Mimitsuka Takashi, Na Kyungsu, Morita Ken, Sawai Hideki, Minegishi Shinichi, Henmi Masahiro, Yamada Katsushige, Shimizu Sakayu, Yonehara Tetsu
New Frontiers Research Laboratories, Toray Industries, Inc., Kamakura, Kanagawa, Japan.
Biosci Biotechnol Biochem. 2012;76(1):67-72. doi: 10.1271/bbb.110499.
Continuous fermentation by retaining cells with a membrane-integrated fermentation reactor (MFR) system was found to reduce the amount of supplied sub-raw material. If the amount of sub-raw material can be reduced, continuous fermentation with the MFR system should become a more attractive process for industrialization, due to decreased material costs and loads during the refinement process.
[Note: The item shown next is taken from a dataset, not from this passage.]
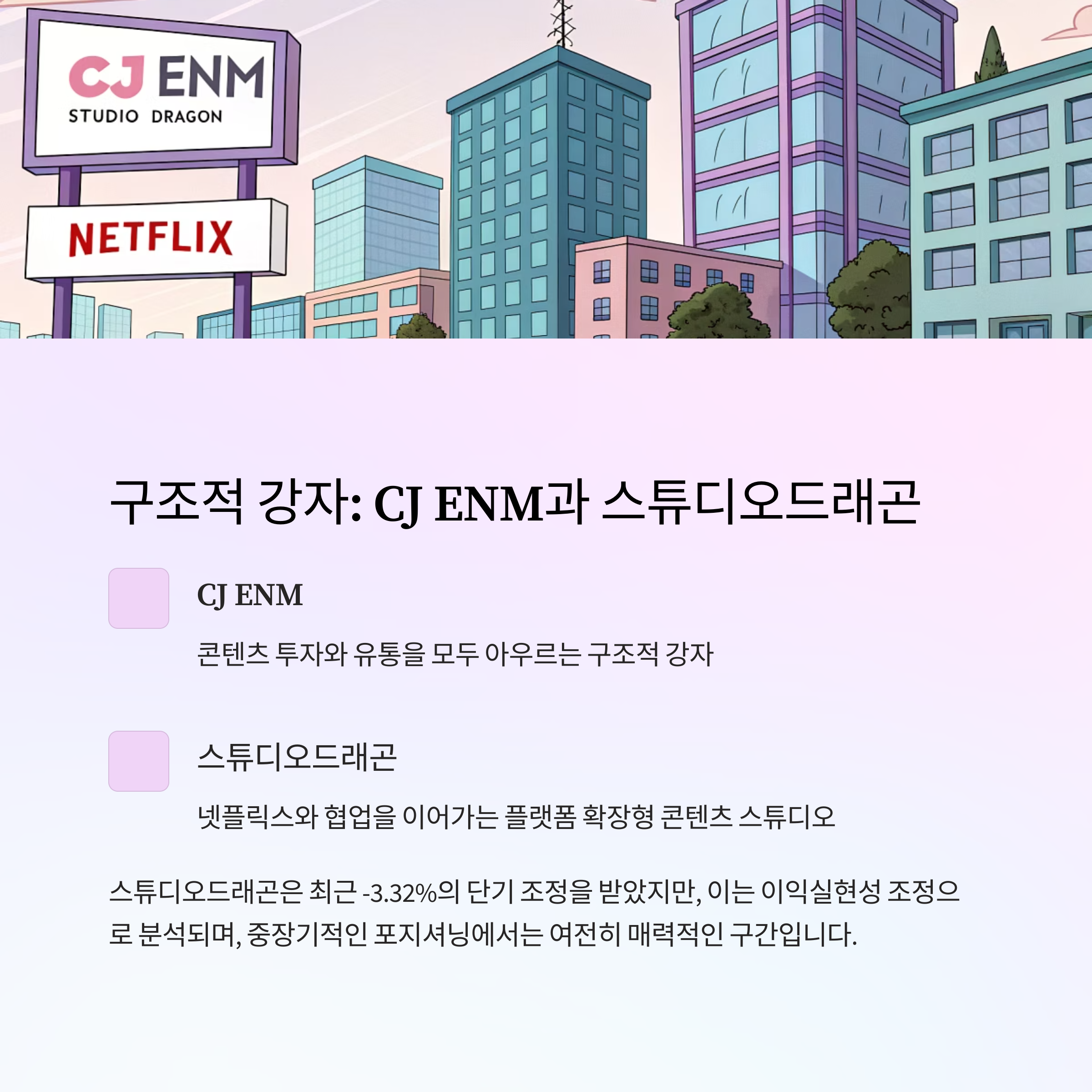 콘텐츠 투자와 유통을 모두 아우르는 구조적 강자입니다.

Our findings indicate that the production rate decreased when the amount of the sub-raw material was reduced in batch fermentation, but did not decrease during continuous fermentation with Sporolactobacillus laevolacticus. Moreover, continuous fermentation with a reduced amount of sub-raw material resulted in a productivity of 11.2 g/L/h over 800 h. In addition, the index of industrial process applicability used in the MFR system increased by 6.3-fold as compared with the conventional membrane-based fermentation reactor previously reported, suggesting a potential for the industrialization of this D-lactic acid continuous fermentation process.
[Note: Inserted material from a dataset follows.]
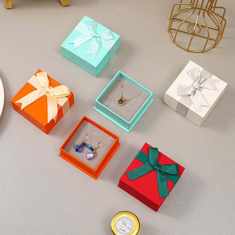 Páipéar bosca bronntanas, Cearnóg, le maisiú bowknot ribín, dathanna níos mó le haghaidh rogha, 75x75x40mm, Díolta De réir PC

通过膜集成发酵反应器(MFR)系统保留细胞进行连续发酵,可减少副原料的供应量。如果能够减少副原料的量,由于精炼过程中材料成本和负荷的降低,使用MFR系统进行连续发酵对于工业化来说将成为一个更具吸引力的工艺。我们的研究结果表明,在分批发酵中减少副原料量时生产率会下降,但在用左旋乳酸芽孢杆菌进行连续发酵时生产率并未下降。此外,使用减少量的副原料进行连续发酵在800小时内的生产率达到11.2 g/L/h。此外,与先前报道的传统膜基发酵反应器相比,MFR系统中使用的工业过程适用性指数提高了6.3倍,这表明该D-乳酸连续发酵工艺具有工业化潜力。